An estimated 12.4 million Americans are living with heart disease and the prevalence of depression in hospitalized heart patients is 20 to 30 percent, according to Frazier. Increased inflammatory proteins can exacerbate heart disease.
Researchers will enroll 1,300 patients admitted to St. Luke's Episcopal Hospital, home of the Texas Heart Institute. Blood samples will be taken to measure inflammatory proteins and test for genetic markers and patients will be screened for depression. The patients will be followed for two years.
"Once we identify this group, we will treat them differently because these patients are more likely to have another event," Frazier said. "We can perhaps give them more intense interventions and cognitive therapy as well as medication for depression so they will have better outcomes."
Frazier said the study advances the NIH's interest in studying environmental factors of disease, in particular the environmental triggers of depression and the effects of depression treatments including medications, psychotherapies and self-management techniques such as exercise.
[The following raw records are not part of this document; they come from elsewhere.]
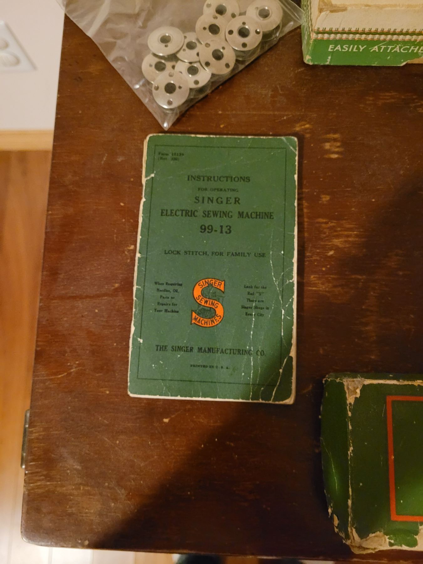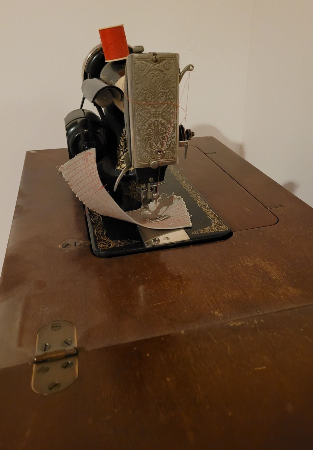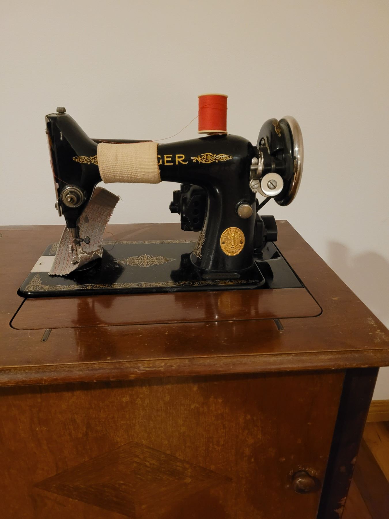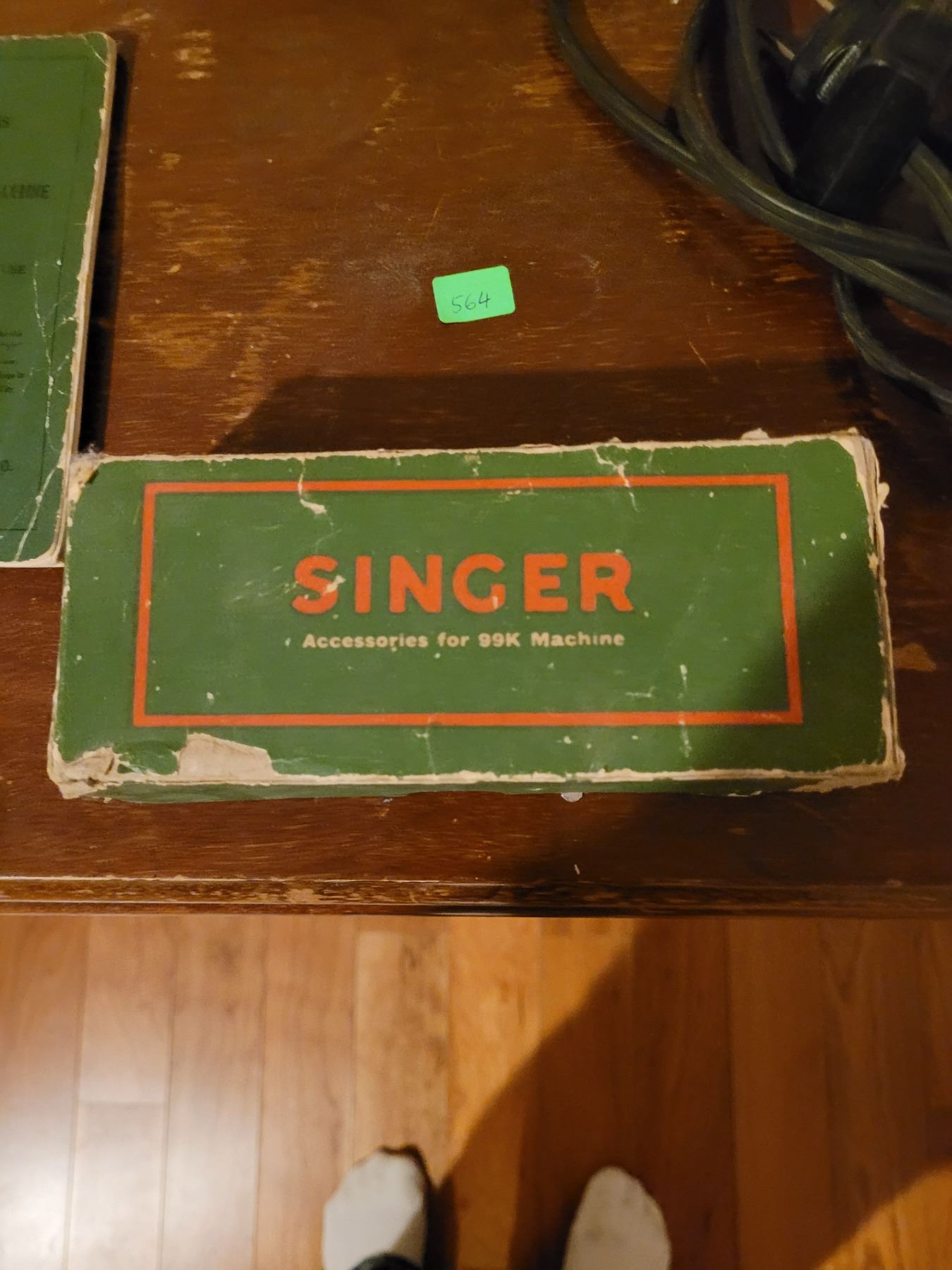 Singer electric sewing machine with all attachments in sewing cabinet - works
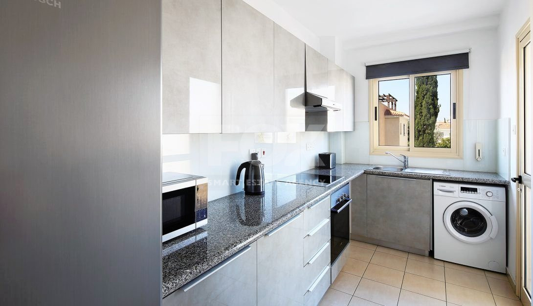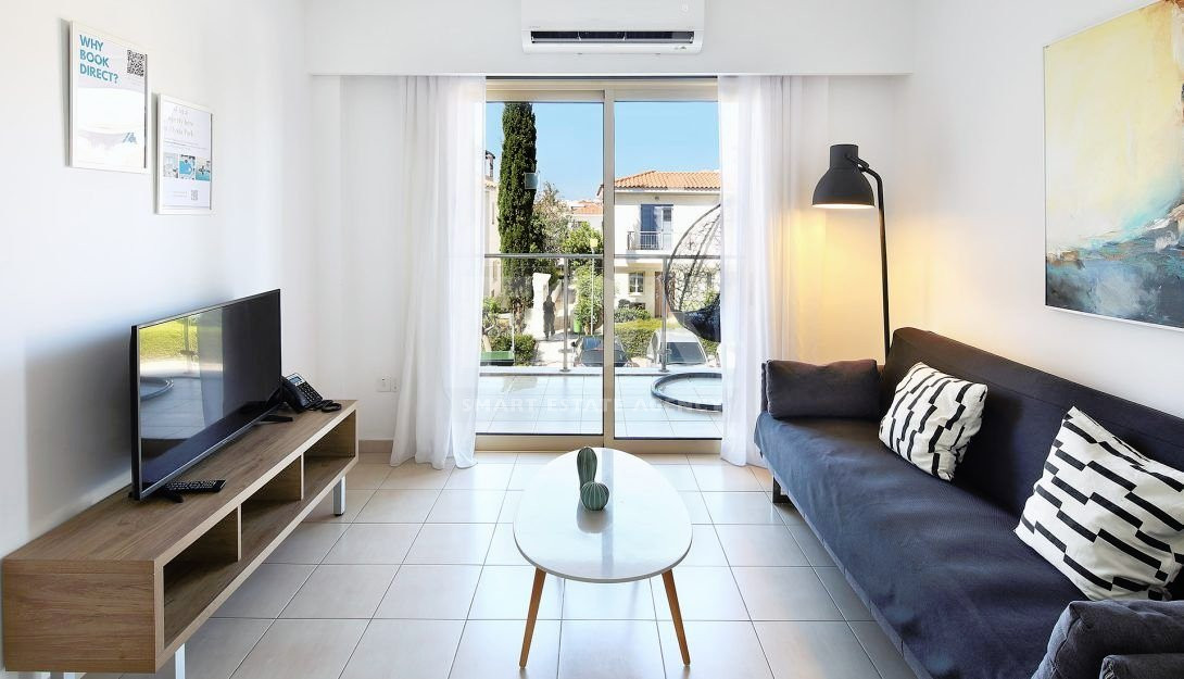 The apartment is located on the 1st floor of the building and offers spacious and inviting living areas. The open-plan living and dining area leads to a large balcony perfect for al fresco dining in the summer. The property comprises two double bedrooms, a family bathroom and comes fully equipped with appliances, furniture, and air conditioning.
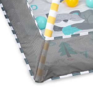 Siateczkowa barierka zabezpiecza przed tym, by dziecko opuściło samodzielnie matę. Dzięki temu wiesz, że będzie bezpieczne nawet, jeśli na chwilę odwrócisz wzrok.

In February of 2006, the U.S. Department of Health and Human Services launched an NIH initiative to identify the genetic and environmental links to common illnesses.
The study will include the nursing school's Biological Sciences Laboratory, The University of Texas Science Center at Houston's Human Genetics Center and its Center for Clinical and Translational Sciences, along with Baylor College of Medicine's Maria and Alando J. Ballantyne, M.D., Atherosclerosis Clinical Research Laboratory.
Co-investigators include: Eric Boerwinkle, Ph.D., professor and director, and Kathy Klos, Ph.D., both of the Human Genetics Center; and F. Gerard Moeller, M.D., professor of psychiatry and behavioral sciences at The University of Texas Medical School at Houston. Both Boerwinkle and Moeller also are on faculty at the UT Graduate School of Biomedical Sciences.